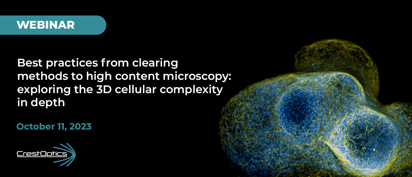 In addition to that, you will learn how CrestOptics X-Light V3 Spinning Disk Confocal technology allows the collection and analysis of 3D images of whole cleared samples at a higher resolution than a wide-field microscope and at a faster scan rate than a point-scanning confocal microscope.
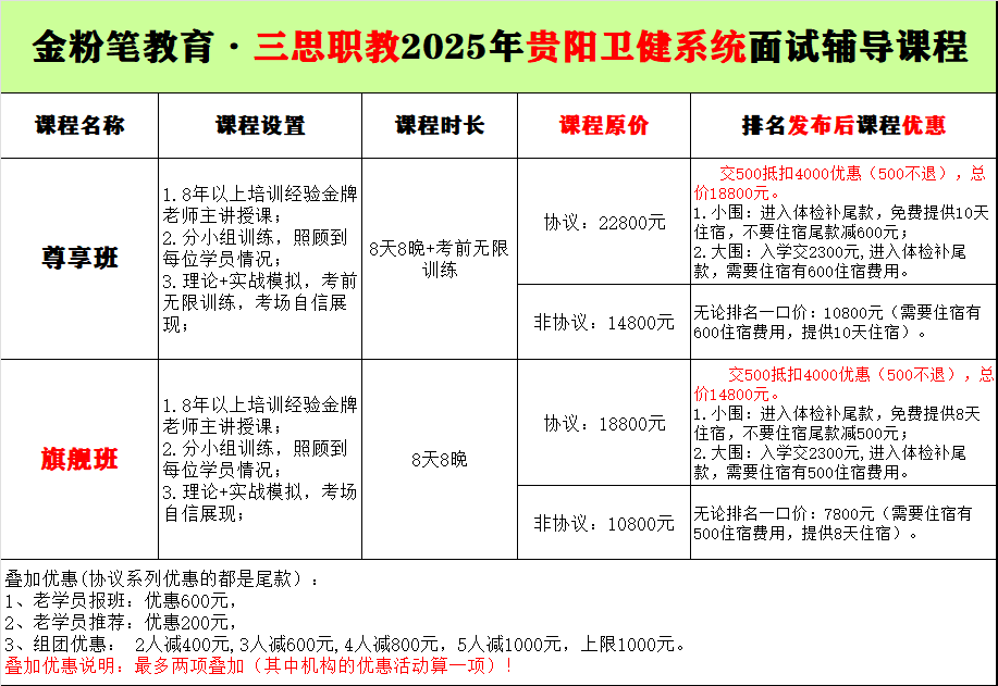 贵州金粉笔.三思职教2025年贵阳卫健委面试培训班课程来了,在职班、全职班、一对一班次均有,在开课前预约或报班,可享课程活动优惠。贵阳卫健委面试班预约或详情咨询:13368515037(微同)。
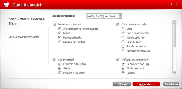 Het ouderlijk toezicht gebruikt de Windows-gebruikersprofielen en kan daar één van drie leeftijdscategorieën aan koppelen. De categorie bepaalt welke sites en informatie een gebruiker wel of niet mag zien. Het back-upprogramma kan zowel een back-up maken naar een cd/dvd of externe harde schijf, maar ook naar de 5 GB online opslagruimte die bij een BullGuard-abonnement meekomt. Daarbij biedt het opties de back-up te comprimeren en te versleutelen. Dat u zelf de sleutel kunt bepalen, heeft als nadeel dat wanneer u deze kwijtraakt niemand de data voor u kan openen, maar het voordeel is wel dat behalve u ook echt niemand erbij kan. Bij online opslag is dat laatste toch wel het beste.
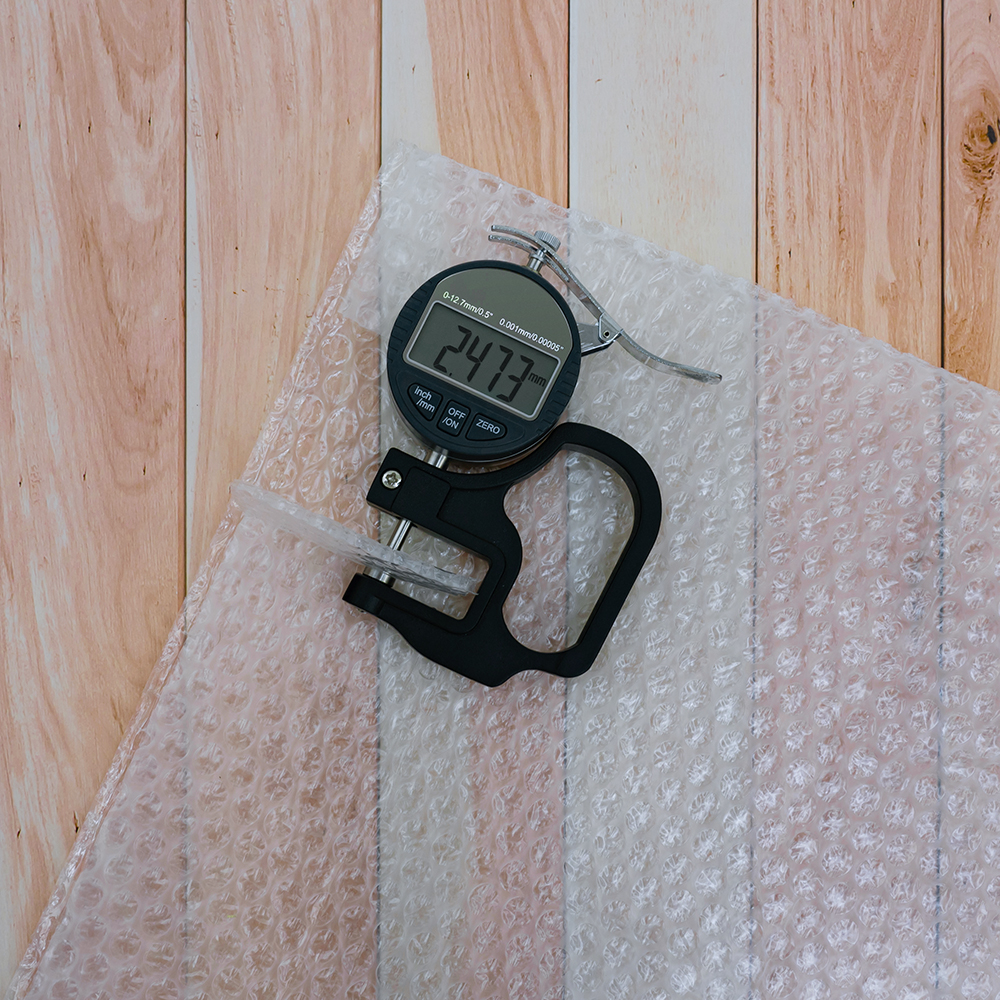 У трехслойных пакетов с внешней и внутренней стороны гладкий полиэтилен (плоский слой - пузырьки - плоский слой).
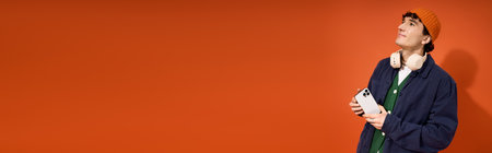 Panoramic banner, portrait of young confident hipster guy wearing denim jacket, round glasses and cap, isolated on background of lush lava color with copy space.
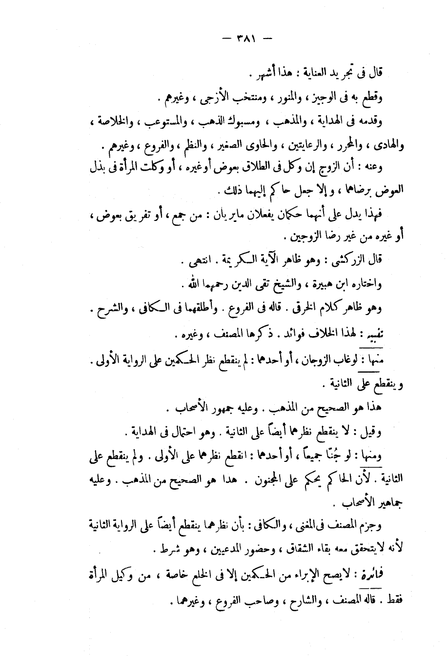 قَالَ فِي تَجْرِيدِ الْعِنَايَةِ: هَذَا أَشْهَرُ. وَقَطَعَ بِهِ فِي الْوَجِيزِ، وَالْمُنَوِّرِ، وَمُنْتَخَبِ الْأَزَجِيِّ، وَغَيْرِهِمْ. وَقَدَّمَهُ فِي الْهِدَايَةِ، وَالْمُذْهَبِ، وَمَسْبُوكِ الذَّهَبِ، وَالْمُسْتَوْعِبِ، وَالْخُلَاصَةِ، وَالْهَادِي، وَالْمُحَرَّرِ، وَالرِّعَايَتَيْنِ، وَالْحَاوِي الصَّغِيرِ، وَالنَّظْمِ، وَالْفُرُوعِ، وَغَيْرِهِمْ. وَعَنْهُ: أَنَّ الزَّوْجَ إنْ وَكَّلَ فِي الطَّلَاقِ بِعِوَضٍ أَوْ غَيْرِهِ، أَوْ وَكَّلَتْ الْمَرْأَةُ فِي بَذْلِ الْعِوَضِ بِرِضَاهُمَا، وَإِلَّا جَعَلَ حَاكِمٌ إلَيْهِمَا ذَلِكَ. فَهَذَا يَدُلُّ عَلَى أَنَّهُمَا حَكَمَانِ يَفْعَلَانِ مَا يَرَيَانِ: مِنْ جَمْعٍ، أَوْ تَفْرِيقٍ بِعِوَضٍ، أَوْ غَيْرِهِ مِنْ غَيْرِ رِضَا الزَّوْجَيْنِ. قَالَ الزَّرْكَشِيُّ: وَهُوَ ظَاهِرُ الْآيَةِ الْكَرِيمَةِ. انْتَهَى.
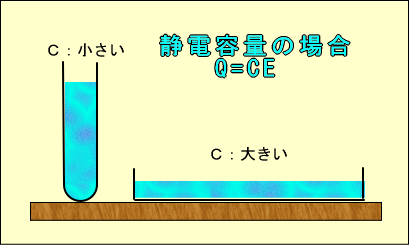 上の図にある「Q」はクーロンと言う電荷(電気のつぶつぶ)の量を表わし、同量の電荷ならば、静電容量「C」の違いによる両端電圧は、下図に示す水位のように変化します。
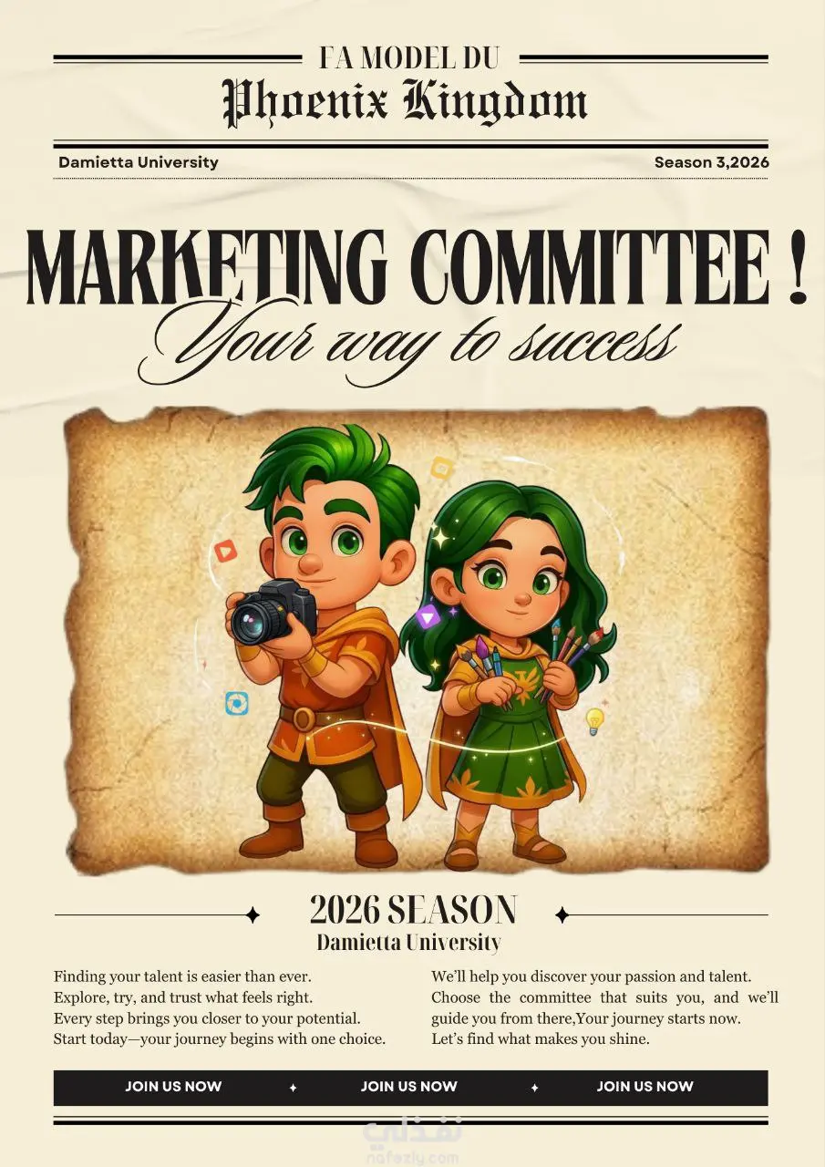 تصميم إبداعي يدمج بين كلاسيكية الصحف القديمة (Vintage Newspaper) وحيوية الرسوم الكرتونية، صُمم خصيصاً للتسويق للجنة الطلابية بجامعة دمياط (Season 3).
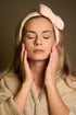 Begin by cleansing your skin with witch hazel and gently pat your face dry.
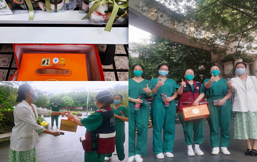 教师将具有交大特色的中秋月饼献给了自贡医护者代表。巴蜀儿女,命运与共,相信我们戮力同心,疫情终将早日结束,再次相聚烟火成都!
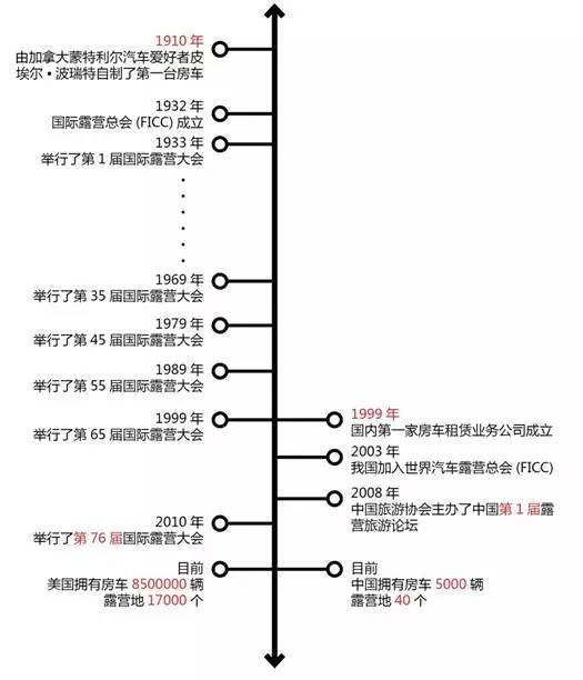 我国房车发展起步较晚,相比国外发展进程,整整晚了90年。目前房车拥有量和露营地建设数量都远远落后于欧洲、美国、加拿大、日韩等国家,其中房车和露营地数量均是美国的1/1000。
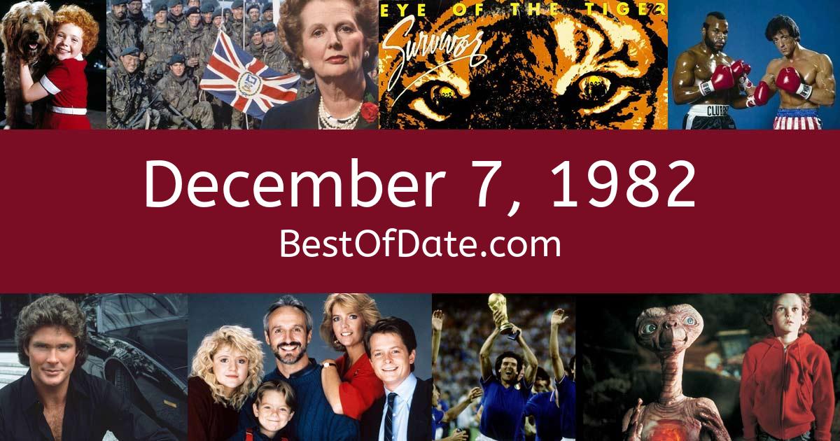 December 7, 1982, was a Tuesday. It was 43 years and 1 day ago. The zodiac star sign for this date is Sagittarius.
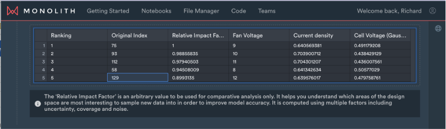 Fig 1. The Monolith Next Test Recommender system recommended the last test – number 129 – should actually be among the first 5 to run and that 60 tests are sufficient to characterise the full performance of the fan, a 53% reduction in testing.

++++

EXERCISE AIM: Copy out all of the material exactly as written, without its pictures.

RESPONSE BOX:
 In addition to that, you will learn how CrestOptics X-Light V3 Spinning Disk Confocal technology allows the collection and analysis of 3D images of whole cleared samples at a higher resolution than a wide-field microscope and at a faster scan rate than a point-scanning confocal microscope.
 贵州金粉笔.三思职教2025年贵阳卫健委面试培训班课程来了,在职班、全职班、一对一班次均有,在开课前预约或报班,可享课程活动优惠。贵阳卫健委面试班预约或详情咨询:13368515037(微同)。
 Het ouderlijk toezicht gebruikt de Windows-gebruikersprofielen en kan daar één van drie leeftijdscategorieën aan koppelen. De categorie bepaalt welke sites en informatie een gebruiker wel of niet mag zien. Het back-upprogramma kan zowel een back-up maken naar een cd/dvd of externe harde schijf, maar ook naar de 5 GB online opslagruimte die bij een BullGuard-abonnement meekomt. Daarbij biedt het opties de back-up te comprimeren en te versleutelen. Dat u zelf de sleutel kunt bepalen, heeft als nadeel dat wanneer u deze kwijtraakt niemand de data voor u kan openen, maar het voordeel is wel dat behalve u ook echt niemand erbij kan. Bij online opslag is dat laatste toch wel het beste.
 У трехслойных пакетов с внешней и внутренней стороны гладкий полиэтилен (плоский слой - пузырьки - плоский слой).
 Panoramic banner, portrait of young confident hipster guy wearing denim jacket, round glasses and cap, isolated on background of lush lava color with copy space.
 قَالَ فِي تَجْرِيدِ الْعِنَايَةِ: هَذَا أَشْهَرُ. وَقَطَعَ بِهِ فِي الْوَجِيزِ، وَالْمُنَوِّرِ، وَمُنْتَخَبِ الْأَزَجِيِّ، وَغَيْرِهِمْ. وَقَدَّمَهُ فِي الْهِدَايَةِ، وَالْمُذْهَبِ، وَمَسْبُوكِ الذَّهَبِ، وَالْمُسْتَوْعِبِ، وَالْخُلَاصَةِ، وَالْهَادِي، وَالْمُحَرَّرِ، وَالرِّعَايَتَيْنِ، وَالْحَاوِي الصَّغِيرِ، وَالنَّظْمِ، وَالْفُرُوعِ، وَغَيْرِهِمْ. وَعَنْهُ: أَنَّ الزَّوْجَ إنْ وَكَّلَ فِي الطَّلَاقِ بِعِوَضٍ أَوْ غَيْرِهِ، أَوْ وَكَّلَتْ الْمَرْأَةُ فِي بَذْلِ الْعِوَضِ بِرِضَاهُمَا، وَإِلَّا جَعَلَ حَاكِمٌ إلَيْهِمَا ذَلِكَ. فَهَذَا يَدُلُّ عَلَى أَنَّهُمَا حَكَمَانِ يَفْعَلَانِ مَا يَرَيَانِ: مِنْ جَمْعٍ، أَوْ تَفْرِيقٍ بِعِوَضٍ، أَوْ غَيْرِهِ مِنْ غَيْرِ رِضَا الزَّوْجَيْنِ. قَالَ الزَّرْكَشِيُّ: وَهُوَ ظَاهِرُ الْآيَةِ الْكَرِيمَةِ. انْتَهَى.
 上の図にある「Q」はクーロンと言う電荷(電気のつぶつぶ)の量を表わし、同量の電荷ならば、静電容量「C」の違いによる両端電圧は、下図に示す水位のように変化します。
 تصميم إبداعي يدمج بين كلاسيكية الصحف القديمة (Vintage Newspaper) وحيوية الرسوم الكرتونية، صُمم خصيصاً للتسويق للجنة الطلابية بجامعة دمياط (Season 3).
 Begin by cleansing your skin with witch hazel and gently pat your face dry.
 教师将具有交大特色的中秋月饼献给了自贡医护者代表。巴蜀儿女,命运与共,相信我们戮力同心,疫情终将早日结束,再次相聚烟火成都!
 我国房车发展起步较晚,相比国外发展进程,整整晚了90年。目前房车拥有量和露营地建设数量都远远落后于欧洲、美国、加拿大、日韩等国家,其中房车和露营地数量均是美国的1/1000。
 December 7, 1982, was a Tuesday. It was 43 years and 1 day ago. The zodiac star sign for this date is Sagittarius.
 Fig 1. The Monolith Next Test Recommender system recommended the last test – number 129 – should actually be among the first 5 to run and that 60 tests are sufficient to characterise the full performance of the fan, a 53% reduction in testing.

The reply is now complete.